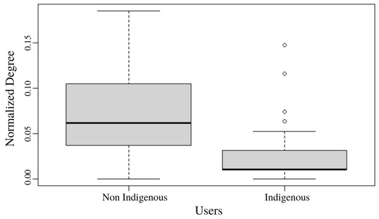 In order to compare the amount of information to which the indigenous and non-indigenous users had access, a Mann–Whitney U test was carried out [49] for non-parametric data with a 95% confidence level. For this, the normalized degree metric was used; see Table 1 for the description and interpretation of the metric.
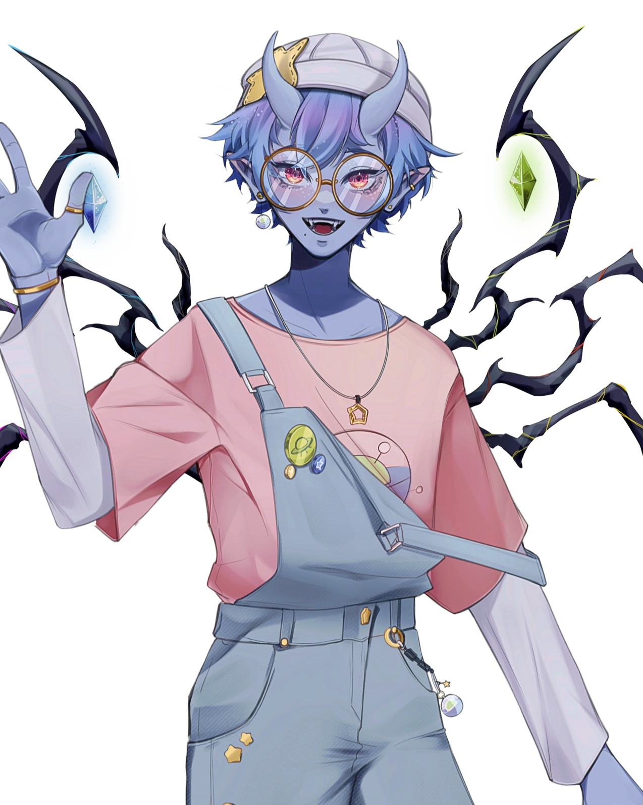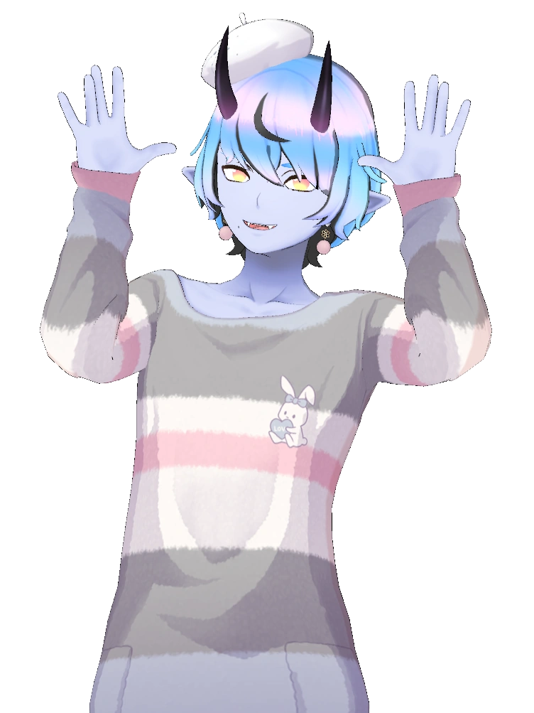 Stiggy’s design was created in collaboration with character designer ZAKNE_, resulting in a distinct and visually striking aesthetic. He is a tall, athletic humanoid with blue skin and an elf-like appearance, complemented by two prominent horns on his forehead. His hair is a medium-length blue with pink accents, topped by a white beret adorned with a star emblem.
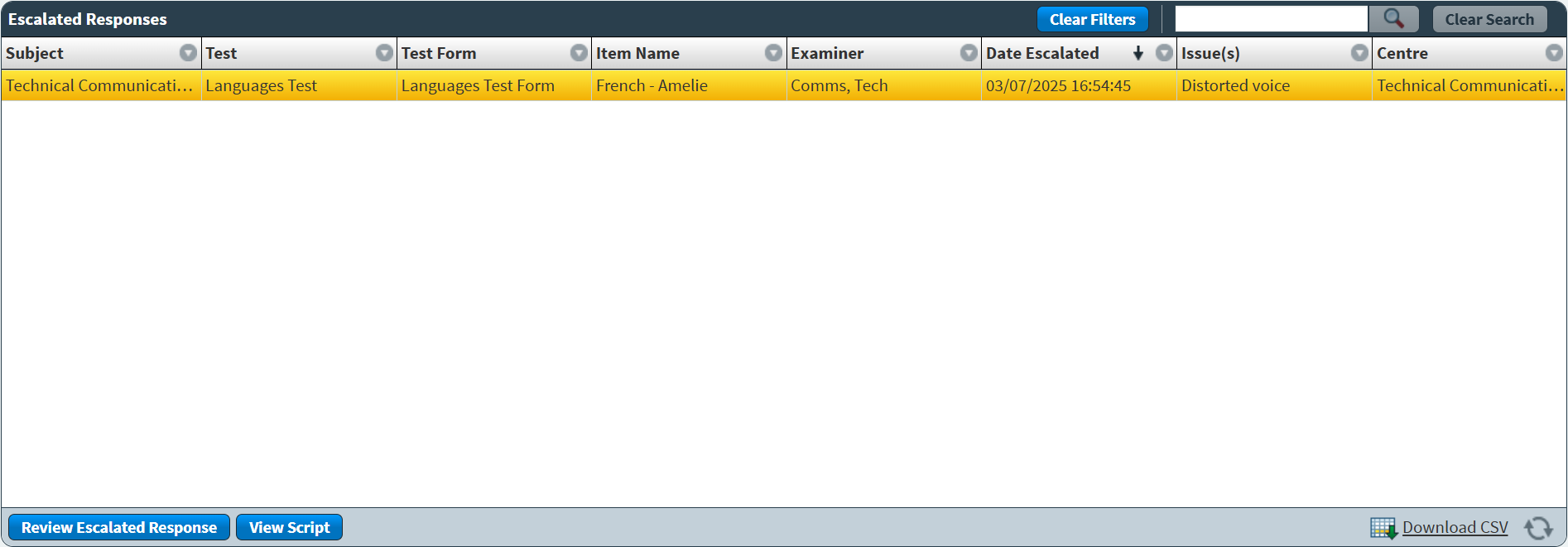 Select Download CSV to export the Escalated Responses data to a spreadsheet.
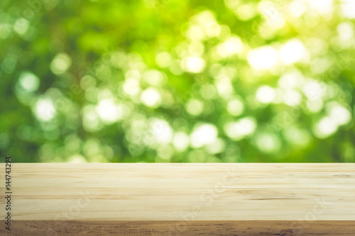 Empty of wood table top on blur of fresh green abstract from garden with sunlight .For montage product display or key visual layout
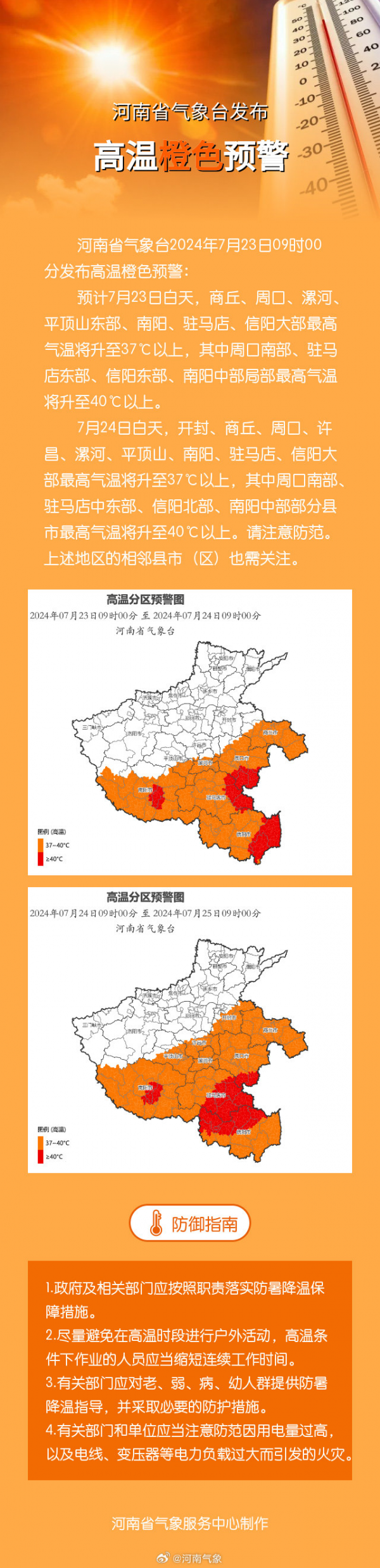 据最新气象资料分析,预计7月23日白天,商丘、周口、漯河、平顶山东部、南阳、驻马店、信阳大部最高气温将升至37℃以上,其中周口南部、驻马店东部、信阳东部、南阳中部局部最高气温将升至40℃以上;7月24日白天,开封、商丘、周口、许昌、漯河、平顶山、南阳、驻马店、信阳大部最高气温将升至37℃以上,其中周口南部、驻马店中东部、信阳北部、南阳中部部分县市最高气温将升至40℃以上。

□ □ □

* [WHAT THE EXERCISE ASKS]: What is needed is an exact transcription of the lines from the one containing "Empty of wood" through the last line of the records above, both included, with no pictures.

* [SOLUTION TO THIS EXERCISE]:
 Empty of wood table top on blur of fresh green abstract from garden with sunlight .For montage product display or key visual layout
 据最新气象资料分析,预计7月23日白天,商丘、周口、漯河、平顶山东部、南阳、驻马店、信阳大部最高气温将升至37℃以上,其中周口南部、驻马店东部、信阳东部、南阳中部局部最高气温将升至40℃以上;7月24日白天,开封、商丘、周口、许昌、漯河、平顶山、南阳、驻马店、信阳大部最高气温将升至37℃以上,其中周口南部、驻马店中东部、信阳北部、南阳中部部分县市最高气温将升至40℃以上。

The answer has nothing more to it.